__Material for this exercise__.
######

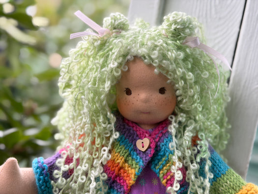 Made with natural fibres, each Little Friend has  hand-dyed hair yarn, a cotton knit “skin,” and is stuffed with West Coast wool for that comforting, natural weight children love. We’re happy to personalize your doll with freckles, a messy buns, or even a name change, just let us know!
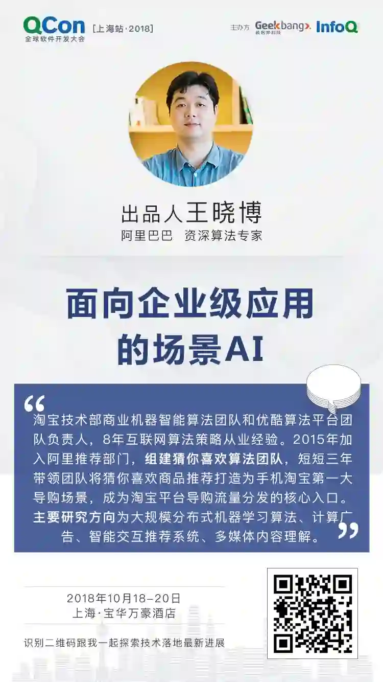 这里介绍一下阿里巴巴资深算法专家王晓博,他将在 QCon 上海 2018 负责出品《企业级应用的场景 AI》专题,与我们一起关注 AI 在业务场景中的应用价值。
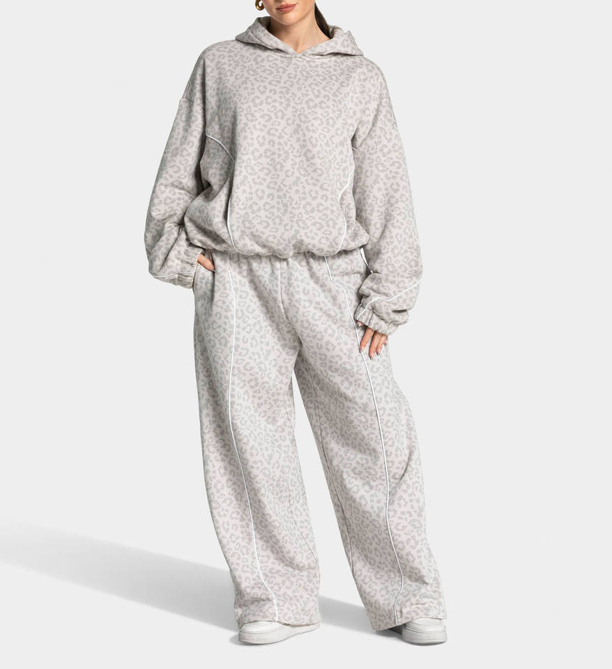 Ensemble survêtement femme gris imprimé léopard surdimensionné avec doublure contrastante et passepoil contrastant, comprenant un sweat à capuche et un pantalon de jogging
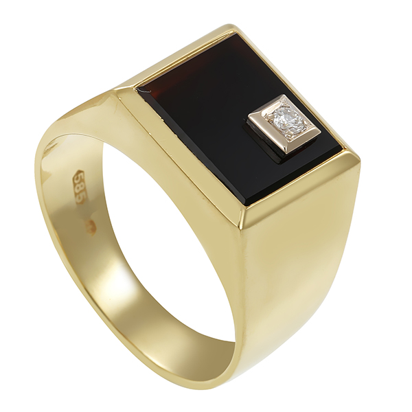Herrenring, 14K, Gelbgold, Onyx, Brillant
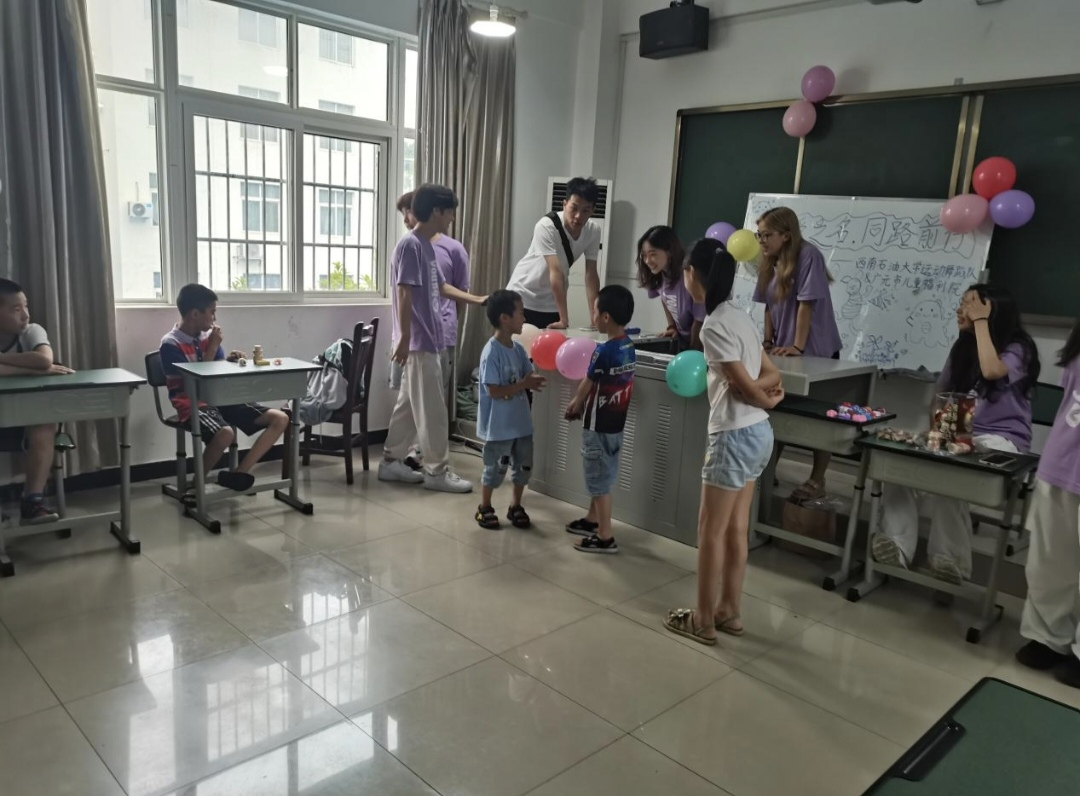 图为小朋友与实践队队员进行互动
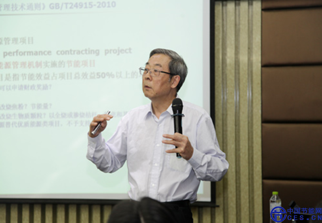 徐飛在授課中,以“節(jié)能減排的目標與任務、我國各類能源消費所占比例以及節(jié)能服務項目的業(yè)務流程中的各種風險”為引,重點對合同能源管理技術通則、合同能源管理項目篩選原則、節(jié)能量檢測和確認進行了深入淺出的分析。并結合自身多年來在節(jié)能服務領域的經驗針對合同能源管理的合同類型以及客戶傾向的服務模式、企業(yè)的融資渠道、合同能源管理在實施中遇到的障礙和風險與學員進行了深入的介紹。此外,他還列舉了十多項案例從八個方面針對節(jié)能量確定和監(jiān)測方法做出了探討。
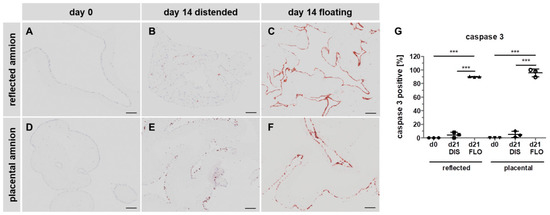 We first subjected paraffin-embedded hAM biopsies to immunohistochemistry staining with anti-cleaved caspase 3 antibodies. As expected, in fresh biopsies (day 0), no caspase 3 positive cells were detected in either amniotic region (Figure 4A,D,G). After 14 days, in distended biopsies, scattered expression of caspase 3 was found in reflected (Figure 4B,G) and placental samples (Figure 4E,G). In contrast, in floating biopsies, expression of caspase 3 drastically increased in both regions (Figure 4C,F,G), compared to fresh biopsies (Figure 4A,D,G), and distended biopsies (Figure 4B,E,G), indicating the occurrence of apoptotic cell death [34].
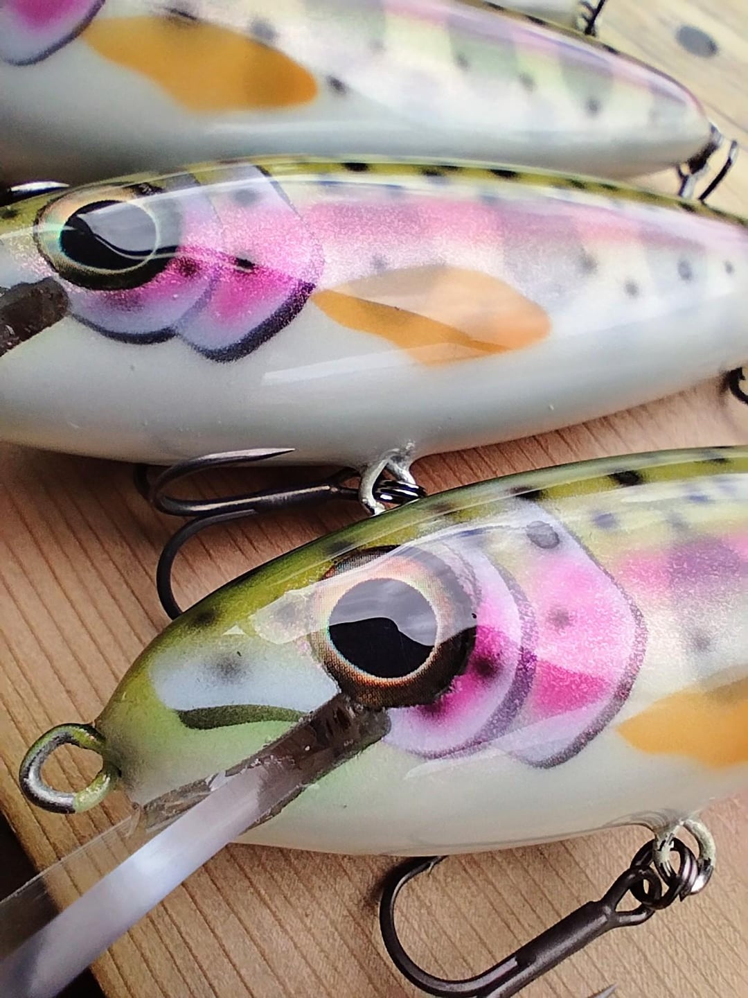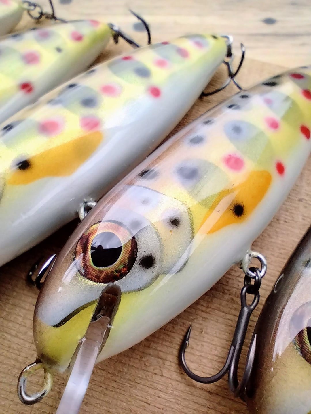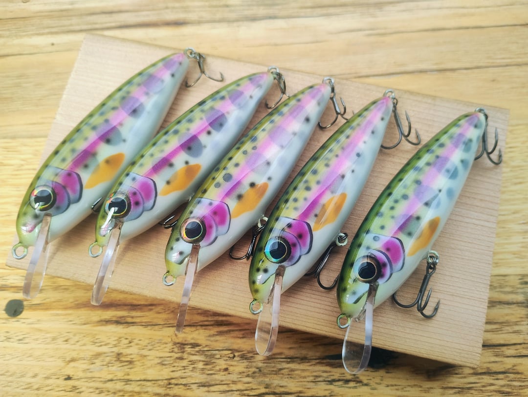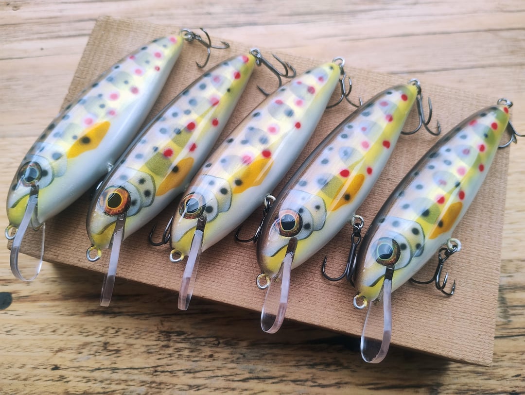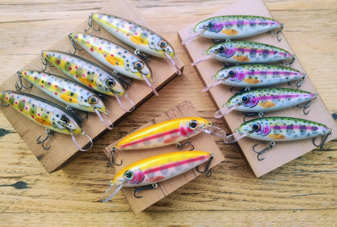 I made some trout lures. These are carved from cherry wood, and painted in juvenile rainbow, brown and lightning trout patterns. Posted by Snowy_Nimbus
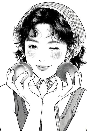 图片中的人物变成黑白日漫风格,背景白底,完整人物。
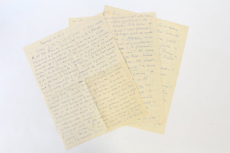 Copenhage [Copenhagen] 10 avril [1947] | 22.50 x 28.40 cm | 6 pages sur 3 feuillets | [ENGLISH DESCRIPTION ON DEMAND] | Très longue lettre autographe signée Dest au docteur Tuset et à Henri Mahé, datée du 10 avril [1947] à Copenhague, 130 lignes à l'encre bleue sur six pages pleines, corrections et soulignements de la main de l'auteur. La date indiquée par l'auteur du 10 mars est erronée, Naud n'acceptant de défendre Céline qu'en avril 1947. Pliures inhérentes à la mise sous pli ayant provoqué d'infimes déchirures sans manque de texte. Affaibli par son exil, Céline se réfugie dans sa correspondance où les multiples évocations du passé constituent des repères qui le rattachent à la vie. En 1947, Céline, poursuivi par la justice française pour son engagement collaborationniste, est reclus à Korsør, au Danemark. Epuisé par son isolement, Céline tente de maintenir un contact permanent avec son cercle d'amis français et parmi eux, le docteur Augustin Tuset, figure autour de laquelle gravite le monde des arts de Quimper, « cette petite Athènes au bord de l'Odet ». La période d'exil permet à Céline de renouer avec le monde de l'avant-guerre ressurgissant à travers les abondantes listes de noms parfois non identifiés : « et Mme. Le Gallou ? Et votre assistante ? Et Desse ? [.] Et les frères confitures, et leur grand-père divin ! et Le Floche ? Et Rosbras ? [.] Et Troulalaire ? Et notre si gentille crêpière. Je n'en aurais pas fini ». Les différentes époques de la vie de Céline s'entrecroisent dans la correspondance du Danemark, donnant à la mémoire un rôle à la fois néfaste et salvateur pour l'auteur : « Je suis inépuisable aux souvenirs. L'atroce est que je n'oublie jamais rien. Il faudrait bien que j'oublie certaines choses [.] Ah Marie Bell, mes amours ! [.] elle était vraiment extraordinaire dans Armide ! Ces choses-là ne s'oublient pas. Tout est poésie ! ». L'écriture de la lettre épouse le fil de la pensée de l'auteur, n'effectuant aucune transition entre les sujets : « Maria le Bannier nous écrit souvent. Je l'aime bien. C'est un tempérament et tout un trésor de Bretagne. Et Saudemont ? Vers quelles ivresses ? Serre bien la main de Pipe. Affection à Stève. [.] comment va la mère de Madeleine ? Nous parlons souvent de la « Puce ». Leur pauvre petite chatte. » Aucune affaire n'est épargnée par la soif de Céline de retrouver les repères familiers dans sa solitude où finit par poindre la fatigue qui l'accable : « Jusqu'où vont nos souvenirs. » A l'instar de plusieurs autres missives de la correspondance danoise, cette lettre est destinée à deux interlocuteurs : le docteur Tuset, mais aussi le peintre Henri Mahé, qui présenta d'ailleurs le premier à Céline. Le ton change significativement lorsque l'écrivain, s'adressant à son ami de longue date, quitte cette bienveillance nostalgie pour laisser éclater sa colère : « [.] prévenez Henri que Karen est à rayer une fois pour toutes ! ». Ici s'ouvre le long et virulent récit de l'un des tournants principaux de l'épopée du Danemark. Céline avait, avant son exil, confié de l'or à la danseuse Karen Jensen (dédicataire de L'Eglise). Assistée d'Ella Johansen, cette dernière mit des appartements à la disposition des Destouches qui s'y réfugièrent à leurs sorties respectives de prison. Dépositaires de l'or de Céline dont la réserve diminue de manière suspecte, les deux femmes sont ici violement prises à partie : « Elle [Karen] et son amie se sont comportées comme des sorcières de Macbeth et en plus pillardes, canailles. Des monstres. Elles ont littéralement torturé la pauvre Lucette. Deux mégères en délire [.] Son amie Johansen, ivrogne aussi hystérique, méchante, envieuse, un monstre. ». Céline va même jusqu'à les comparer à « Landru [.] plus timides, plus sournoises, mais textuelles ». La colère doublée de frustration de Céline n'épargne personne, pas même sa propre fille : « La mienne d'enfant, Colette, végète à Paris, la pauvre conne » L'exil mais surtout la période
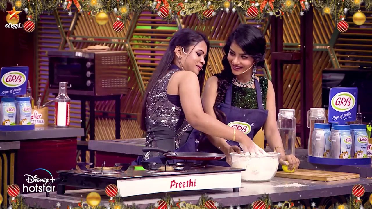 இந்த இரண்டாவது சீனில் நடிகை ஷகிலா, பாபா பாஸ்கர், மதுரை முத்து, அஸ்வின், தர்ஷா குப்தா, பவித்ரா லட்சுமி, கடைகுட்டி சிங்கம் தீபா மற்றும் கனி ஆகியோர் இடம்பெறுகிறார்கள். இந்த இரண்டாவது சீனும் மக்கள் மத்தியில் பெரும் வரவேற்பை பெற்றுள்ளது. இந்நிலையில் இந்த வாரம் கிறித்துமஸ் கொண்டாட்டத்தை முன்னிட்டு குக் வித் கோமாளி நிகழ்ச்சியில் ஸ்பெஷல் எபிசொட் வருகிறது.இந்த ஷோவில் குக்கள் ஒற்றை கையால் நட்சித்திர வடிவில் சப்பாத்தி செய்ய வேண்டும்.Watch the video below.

######

__Assignment__. Please restate the data word for word, leaving out any picture it holds.

__Expected output__.
 Made with natural fibres, each Little Friend has  hand-dyed hair yarn, a cotton knit “skin,” and is stuffed with West Coast wool for that comforting, natural weight children love. We’re happy to personalize your doll with freckles, a messy buns, or even a name change, just let us know!
 这里介绍一下阿里巴巴资深算法专家王晓博,他将在 QCon 上海 2018 负责出品《企业级应用的场景 AI》专题,与我们一起关注 AI 在业务场景中的应用价值。
 Ensemble survêtement femme gris imprimé léopard surdimensionné avec doublure contrastante et passepoil contrastant, comprenant un sweat à capuche et un pantalon de jogging
Herrenring, 14K, Gelbgold, Onyx, Brillant
 图为小朋友与实践队队员进行互动
 徐飛在授課中,以“節(jié)能減排的目標與任務、我國各類能源消費所占比例以及節(jié)能服務項目的業(yè)務流程中的各種風險”為引,重點對合同能源管理技術通則、合同能源管理項目篩選原則、節(jié)能量檢測和確認進行了深入淺出的分析。并結合自身多年來在節(jié)能服務領域的經驗針對合同能源管理的合同類型以及客戶傾向的服務模式、企業(yè)的融資渠道、合同能源管理在實施中遇到的障礙和風險與學員進行了深入的介紹。此外,他還列舉了十多項案例從八個方面針對節(jié)能量確定和監(jiān)測方法做出了探討。
 We first subjected paraffin-embedded hAM biopsies to immunohistochemistry staining with anti-cleaved caspase 3 antibodies. As expected, in fresh biopsies (day 0), no caspase 3 positive cells were detected in either amniotic region (Figure 4A,D,G). After 14 days, in distended biopsies, scattered expression of caspase 3 was found in reflected (Figure 4B,G) and placental samples (Figure 4E,G). In contrast, in floating biopsies, expression of caspase 3 drastically increased in both regions (Figure 4C,F,G), compared to fresh biopsies (Figure 4A,D,G), and distended biopsies (Figure 4B,E,G), indicating the occurrence of apoptotic cell death [34].
 I made some trout lures. These are carved from cherry wood, and painted in juvenile rainbow, brown and lightning trout patterns. Posted by Snowy_Nimbus
 图片中的人物变成黑白日漫风格,背景白底,完整人物。
 Copenhage [Copenhagen] 10 avril [1947] | 22.50 x 28.40 cm | 6 pages sur 3 feuillets | [ENGLISH DESCRIPTION ON DEMAND] | Très longue lettre autographe signée Dest au docteur Tuset et à Henri Mahé, datée du 10 avril [1947] à Copenhague, 130 lignes à l'encre bleue sur six pages pleines, corrections et soulignements de la main de l'auteur. La date indiquée par l'auteur du 10 mars est erronée, Naud n'acceptant de défendre Céline qu'en avril 1947. Pliures inhérentes à la mise sous pli ayant provoqué d'infimes déchirures sans manque de texte. Affaibli par son exil, Céline se réfugie dans sa correspondance où les multiples évocations du passé constituent des repères qui le rattachent à la vie. En 1947, Céline, poursuivi par la justice française pour son engagement collaborationniste, est reclus à Korsør, au Danemark. Epuisé par son isolement, Céline tente de maintenir un contact permanent avec son cercle d'amis français et parmi eux, le docteur Augustin Tuset, figure autour de laquelle gravite le monde des arts de Quimper, « cette petite Athènes au bord de l'Odet ». La période d'exil permet à Céline de renouer avec le monde de l'avant-guerre ressurgissant à travers les abondantes listes de noms parfois non identifiés : « et Mme. Le Gallou ? Et votre assistante ? Et Desse ? [.] Et les frères confitures, et leur grand-père divin ! et Le Floche ? Et Rosbras ? [.] Et Troulalaire ? Et notre si gentille crêpière. Je n'en aurais pas fini ». Les différentes époques de la vie de Céline s'entrecroisent dans la correspondance du Danemark, donnant à la mémoire un rôle à la fois néfaste et salvateur pour l'auteur : « Je suis inépuisable aux souvenirs. L'atroce est que je n'oublie jamais rien. Il faudrait bien que j'oublie certaines choses [.] Ah Marie Bell, mes amours ! [.] elle était vraiment extraordinaire dans Armide ! Ces choses-là ne s'oublient pas. Tout est poésie ! ». L'écriture de la lettre épouse le fil de la pensée de l'auteur, n'effectuant aucune transition entre les sujets : « Maria le Bannier nous écrit souvent. Je l'aime bien. C'est un tempérament et tout un trésor de Bretagne. Et Saudemont ? Vers quelles ivresses ? Serre bien la main de Pipe. Affection à Stève. [.] comment va la mère de Madeleine ? Nous parlons souvent de la « Puce ». Leur pauvre petite chatte. » Aucune affaire n'est épargnée par la soif de Céline de retrouver les repères familiers dans sa solitude où finit par poindre la fatigue qui l'accable : « Jusqu'où vont nos souvenirs. » A l'instar de plusieurs autres missives de la correspondance danoise, cette lettre est destinée à deux interlocuteurs : le docteur Tuset, mais aussi le peintre Henri Mahé, qui présenta d'ailleurs le premier à Céline. Le ton change significativement lorsque l'écrivain, s'adressant à son ami de longue date, quitte cette bienveillance nostalgie pour laisser éclater sa colère : « [.] prévenez Henri que Karen est à rayer une fois pour toutes ! ». Ici s'ouvre le long et virulent récit de l'un des tournants principaux de l'épopée du Danemark. Céline avait, avant son exil, confié de l'or à la danseuse Karen Jensen (dédicataire de L'Eglise). Assistée d'Ella Johansen, cette dernière mit des appartements à la disposition des Destouches qui s'y réfugièrent à leurs sorties respectives de prison. Dépositaires de l'or de Céline dont la réserve diminue de manière suspecte, les deux femmes sont ici violement prises à partie : « Elle [Karen] et son amie se sont comportées comme des sorcières de Macbeth et en plus pillardes, canailles. Des monstres. Elles ont littéralement torturé la pauvre Lucette. Deux mégères en délire [.] Son amie Johansen, ivrogne aussi hystérique, méchante, envieuse, un monstre. ». Céline va même jusqu'à les comparer à « Landru [.] plus timides, plus sournoises, mais textuelles ». La colère doublée de frustration de Céline n'épargne personne, pas même sa propre fille : « La mienne d'enfant, Colette, végète à Paris, la pauvre conne » L'exil mais surtout la période
 இந்த இரண்டாவது சீனில் நடிகை ஷகிலா, பாபா பாஸ்கர், மதுரை முத்து, அஸ்வின், தர்ஷா குப்தா, பவித்ரா லட்சுமி, கடைகுட்டி சிங்கம் தீபா மற்றும் கனி ஆகியோர் இடம்பெறுகிறார்கள். இந்த இரண்டாவது சீனும் மக்கள் மத்தியில் பெரும் வரவேற்பை பெற்றுள்ளது. இந்நிலையில் இந்த வாரம் கிறித்துமஸ் கொண்டாட்டத்தை முன்னிட்டு குக் வித் கோமாளி நிகழ்ச்சியில் ஸ்பெஷல் எபிசொட் வருகிறது.இந்த ஷோவில் குக்கள் ஒற்றை கையால் நட்சித்திர வடிவில் சப்பாத்தி செய்ய வேண்டும்.Watch the video below.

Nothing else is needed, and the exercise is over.